Europe’s subprime quagmire

DNE
DNE
7 Min Read

By Daniel Gros

BRUSSELS: Back in 2007-2008, when the financial crisis was still called the “subprime” crisis, Europeans felt superior to the United States. European bankers surely knew better than to hand out so-called “NINJA” (no income, no job, no assets) loans. These days, however, Europeans have little reason to feel smug.
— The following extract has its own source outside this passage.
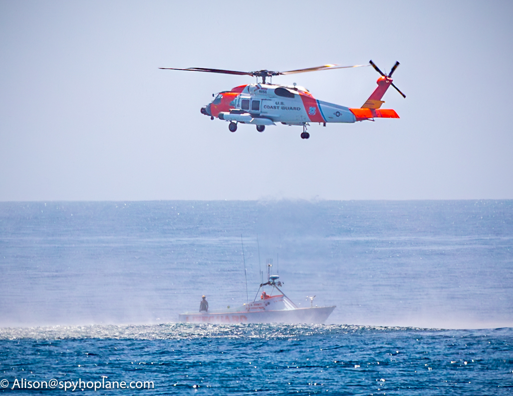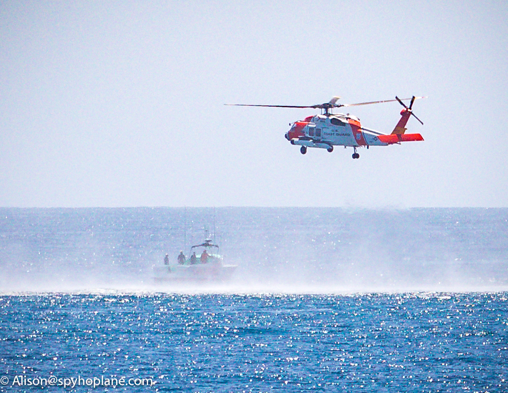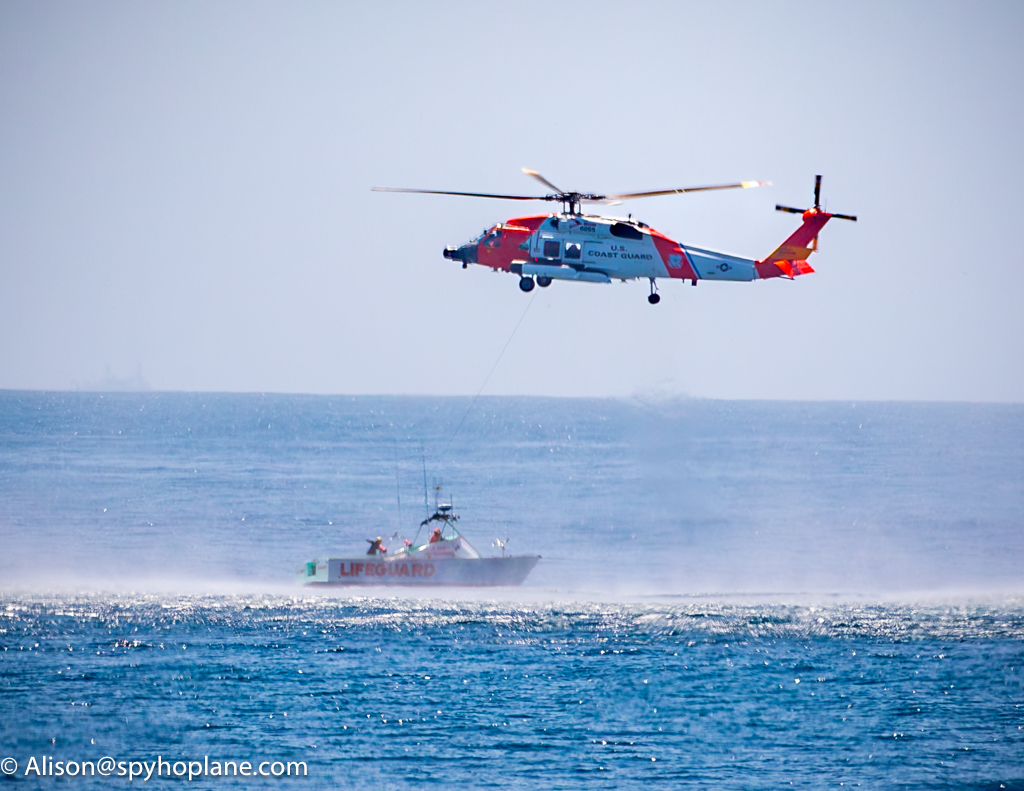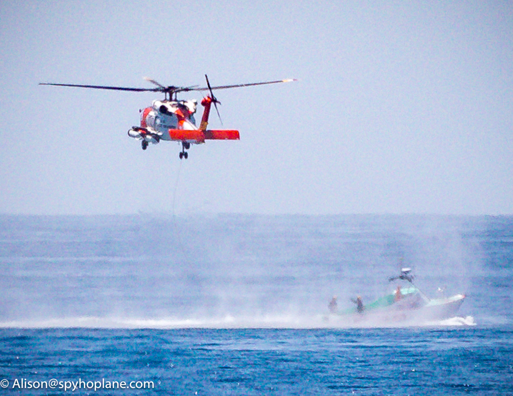 The LA County Ocean Lifeguard Specialists practiced ocean rescue skills with the Malibu Baywatch boat and Coastguard helicopter for 2.5 hours today. First observed south of Point Dume, off of Paradise Cove area. The drills were executed with supreme efficiency and extremely important but the noise level can be startling. The sight is both impressive and frightening with the large wind driven waves rocking boat as cable lines with hoist hooks are dropped from the hovering helicopter directly above or next to the boat as baskets are shuttled up and down. I can only imagine how the team felt working in such treacherous conditions let alone the marine wildlife who endured the 2.5 hour disruption today. The bravery and tenacity of the team to become proficient is not to be overlooked. It is a privilege to witness such displays of heroism and strength just to practice. The exercises drifted north towards Point Dume, in and out of proximity to the coast.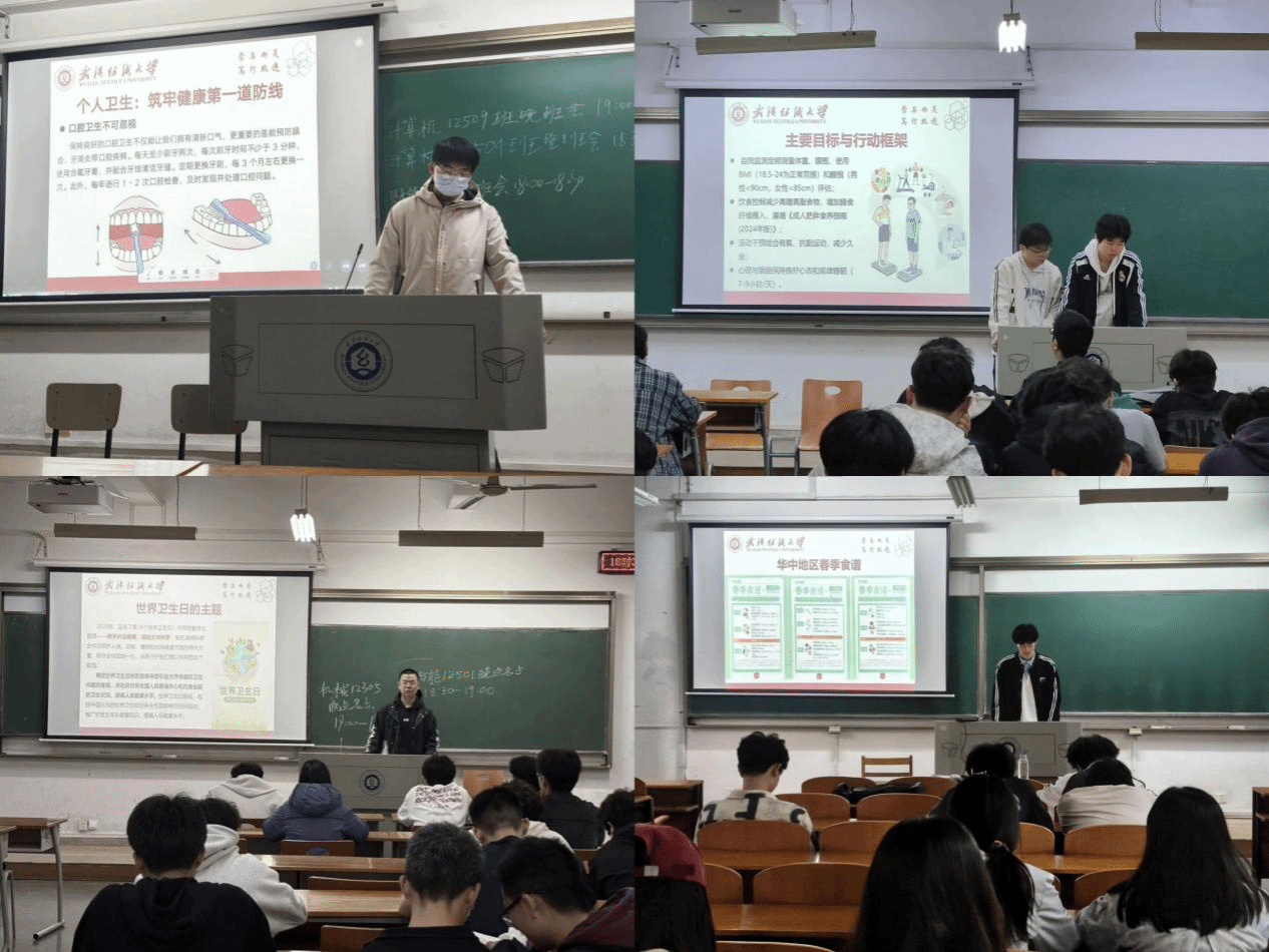 随后,各班围绕第78个世界卫生日“携手共促健康,坚定支持科学”的主题展开学习。同学们从世界卫生日的由来与宗旨出发,系统学习了个人卫生、合理饮食、适量运动、心理健康及环境卫生等健康知识,掌握了“七步洗手法”、“三减三健”(减油、减盐、减糖,健康口腔、健康体重、健康骨骼)等实用技能。在心理健康环节,同学们认识到要积极面对情绪、勇于寻求帮助。此外,各班还重点介绍了国家“体重管理年”三年行动,结合国家卫健委发布的《成人肥胖食养指南》,展示了华中地区的四季食谱,强调科学减脂、健康体重,并温馨提醒:“胖瘦都很美丽,减脂是为了健康。”

Their leaders seem unable to come to grips with the eurozone’s debt crisis.

Banks in Ireland and Spain are discovering that their customers are losing their jobs and income as the construction bust hits the national economies. And one could argue that a loan to the government of Greece or Portugal affords little more security than a NINJA loan. Indeed, lending to governments and banks in the European periphery represents the European equivalent of subprime lending in the US (which was also concentrated in a few sunshine states).

Given the many similarities between the two crises’ basic features, European leaders could learn a lot from the US experience.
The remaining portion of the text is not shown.